Task success rate

What is task success rate?

Task success rate is the share of people who finish a task - four of five users complete it, so 80%. It is the most basic measure of whether a thing works at all, and the easiest to read too much into.

Also known as: completion rate, task completion rate

The demo

Each chip is one user attempting the task. Click a chip to flip it between pass and fail, and watch the success rate. Then switch the sample size and flip again - notice how much less one user matters when there are more of them.

Click a user to flip pass / fail:

Flip a user and watch the rate move.

What this demo shows (text version)

A set of user attempts, each marked pass or fail, with a live success rate shown as a percentage and a count (for example, "80% - 4 of 5 users"). Clicking any user flips its outcome and recalculates the rate.

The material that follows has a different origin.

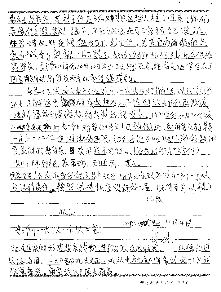 La lettre que Madame Jiang Wei à écrite

A toggle switches the sample between 5 users and 20 users. At 5 users, one flip changes the rate by twenty percentage points; at 20 users, the same flip changes it by five. The demonstration is that a success rate from a small sample is volatile - a single person swings it dramatically - so the percentage should always be read alongside how many people it is based on.

With five users, one person flipping from fail to pass swung the score twenty points. With twenty, the same flip barely moved it. The number didn't get more honest when it got more stable - it just stopped lying so loudly. A success rate without a sense of its sample size is a confident-looking guess.

The trap is precision the data can't support. "80% success" sounds exact, but at n=5 each person is worth twenty percentage points, so your true rate could sit anywhere across a wide band. Report the count alongside the percentage (4 of 5, not just 80%) so nobody mistakes a small sample for a settled fact.

Binary pass/fail also hides the texture. Someone who limped to the end after three wrong turns counts the same as someone who breezed through; a person who gave up one step from done counts as a total failure. Pair the rate with time on task and a watch of where people struggled, or you will optimise a number while the experience stays broken.